If you are a non-resident alien, then you pay tax only on your U.S. source income. Therefore, if you aren’t a U.S. citizen or resident, but work occasionally in the U.S., you don’t want to become a U.S. resident for tax purposes.

If you are neither a U.S. citizen nor a lawful permanent resident, then you become a U.S. resident for tax purposes for a calendar year if you meet the substantial presence test in that calendar year.

To meet the substantial presence test for a calendar year, you would be present in the U.S. for at least

  • 31 days in the current year, and
  • 183 days over a three-year period, using the sum of days present in the current year, one-third of the days present in the first preceding year, and one-sixth of the days present in the second preceding year.

Therefore, if you work in the U.S., and couldn’t leave due to COVID-19, your worldwide income could be subject to U.S. tax.

You don’t count certain days toward the substantial presence test, including medical condition exception days, which are days in which you intended to leave the U.S. but were unable to do so because of a medical condition that arose while you were present in the U.S.

 

Residency Relief

If you intended to leave the U.S. during your COVID-19 emergency period, but you were unable to do so due to COVID-19 emergency travel disruptions, you can exclude the COVID-19 emergency period days from the substantial presence test.

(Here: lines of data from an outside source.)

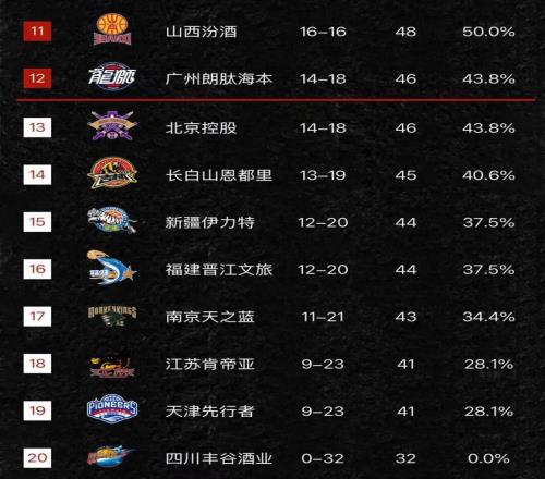 山西队掉至了第十一名的位置,广州则是继续稳住季后赛队伍排在第十二名,北控和广州一样的战绩排在第十三名,吉林队十四名,新疆队再度输球到了第十五名的位置,福建队和新疆队一样的积分排在第十六名,南京队排在第十七名,江苏队排在第十八名,天津队排在第十九名,四川队本赛季未尝一胜排在第二十名!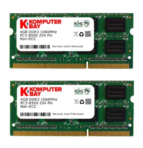 Komputerbay 8GB (2x 4GB) DDR3 SODIMM (204 pin) 1066Mhz PC3-8500 (7-7-7-20) laptop portatili di memoria per Apple Macbook Pro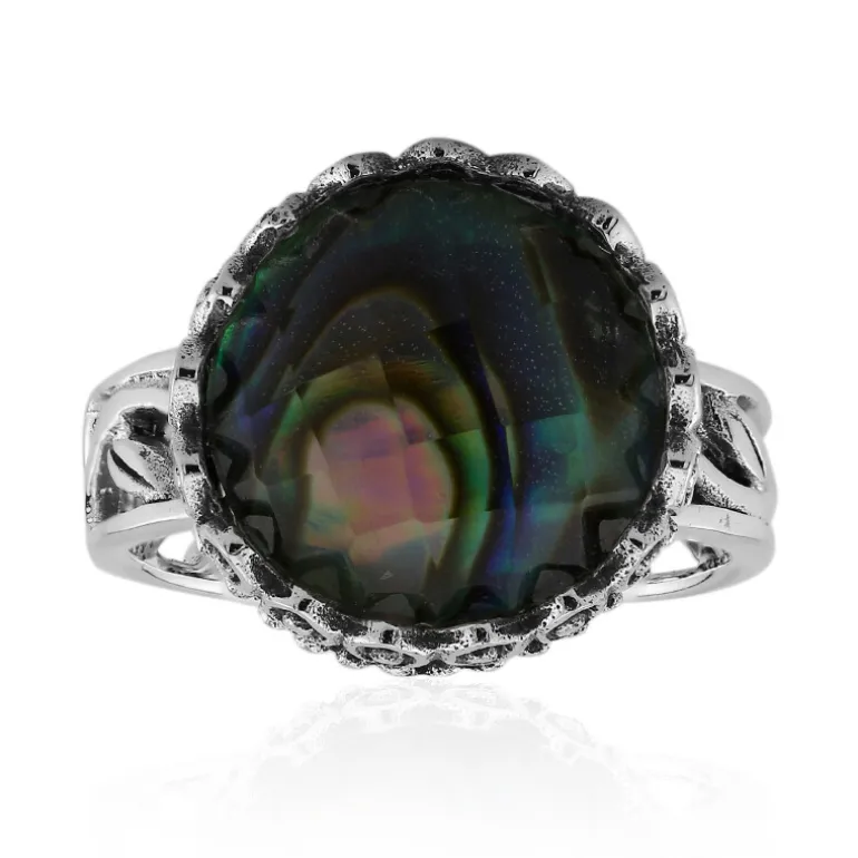 Madagaskar Weißer Quarz & Abalone Silber Ring, 3,757ct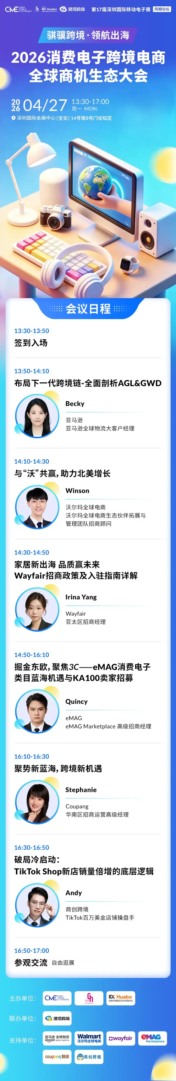 核心价值:聚焦主流跨境平台政策与消费电子出海新机遇,打通产业带与全球市场的对接通道。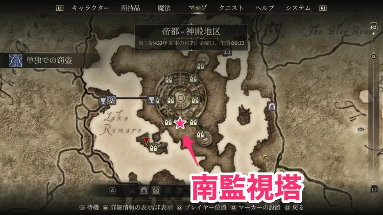 帝都の神殿地区、もしくは庭園地区から南へ進み南監視塔へ入ろう。南監視塔へ入るだけであれば不法侵入ではないため、監視兵が近くにいても慌てることはない。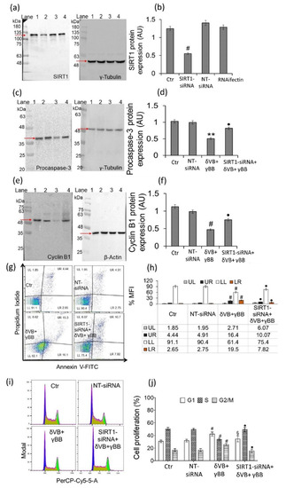 Cal 27 transient gene silencing of SIRT1. Cells were transfected with transfection reagent (RNAifectin), scramble siRNA (NT-siRNA), SIRT1-siRNA, or medium (Ctr). Treatments with betaines (48 h) were performed on transfected (SIRT1-siRNA + δVB + γBB) and non-transfected cells (δVB + γBB). After treatments, Western blots were performed to determine the expression levels of SIRT1, procaspase-3, and cyclin B1. (a,b) SIRT1 protein expression. Lane 1 = Ctr, lane 2 = SIRT1-siRNA, lane 3 = NT-siRNA, lane 4 = RNAifectin. Arrow indicates SIRT1 protein band at about 110-kDa. Nonspecific bands were detected at lower molecular weight. # p < 0.001 vs. Ctr. (c,d) Procaspase-3 protein levels. Lane 1 = Ctr, lane 2 = NT-siRNA, lane 3 = δVB + γBB, lane 4 = SIRT1-siRNA + δVB + γBB. ** p < 0.01 vs. Ctr; • p < 0.01 vs. δVB + γBB. (e,f) Cyclin B1 protein expression. Lane 1 = Ctr, lane 2 = NT-siRNA, lane 3 = δVB + γBB, lane 4 = SIRT1-siRNA + δVB + γBB. # p < 0.001 vs. Ctr, • p < 0.01 vs. δVB + γBB. (g,h) Representative dot plots of annexin V-FITC/PI-stained Cal 27 cells and percentage of apoptosis Quadrants show cell percentage; lower left (LL), viable cells; upper left (UL), necrotic cells; lower right (LR), early apoptotic cells; upper right (UR), late apoptotic cells. Fluorescent signal generated from each dye was analyzed by FlowJo software and results expressed as median fluorescence intensity (MFI). Data are expressed as mean ± SD of n = 4 experiments. At least 10,000 events were acquired. # p < 0.001 vs. Ctr, • p < 0.01 vs. δVB + γBB. (i,j) Representative cell cycle dot plots and analysis. Cell cycle distribution was assessed by flow cytometry collecting PI fluorescence as FL3-A (linear scale) and analyzed by ModFIT software (Verity Software House). # p < 0.001 vs. Ctr, • p < 0.01 vs. δVB + γBB, § p < 0.05 vs. δVB + γBB.

Your COVID-19 emergency period is a single period of up to 60 consecutive calendar days that you select, starting on or after February 1, 2020, and on or before April 1, 2020, during which you were physically present in the United States for each day.

You qualify for this relief if

  • you were not a U.S. resident at the close of the 2019 tax year;
  • you are not a lawful permanent resident at any point in the 2020 tax year;
  • you are physically present in the U.S. during your COVID-19 emergency period; and
  • you don’t become a U.S. resident in 2020 due to days of your presence outside of your COVID-19 emergency period.

To claim your relief, you will either

  • have to file a Form 1040-NR and complete a Form 8843 according to Revenue Procedure 2020-20, or
  • not have to file a Form 1040-NR and simply retain appropriate records in case the IRS inquires.

 

Residency Relief Example

Martha arrived in the United States on August 14, 2019, and anticipated staying for work through March 31, 2020. With this schedule, she would not have met the substantial presence test in either 2019 or 2020.

But due to COVID-19, Martha did not leave the U.S. until May 26, 2020. Without relief, Martha would be a U.S. resident in calendar year 2020 with 192 days of presence:

  • 146 days in 2020, and
  • 46 days in 2019 (one-third of 139 days).

If Martha selects April 1, 2020, as the start of her COVID-19 emergency period, then she is not a U.S. resident in calendar year 2020 because she’ll have only 136 days of presence:

  • 90 days in 2020, and
  • 46 days in 2019 (one-third of 139 days).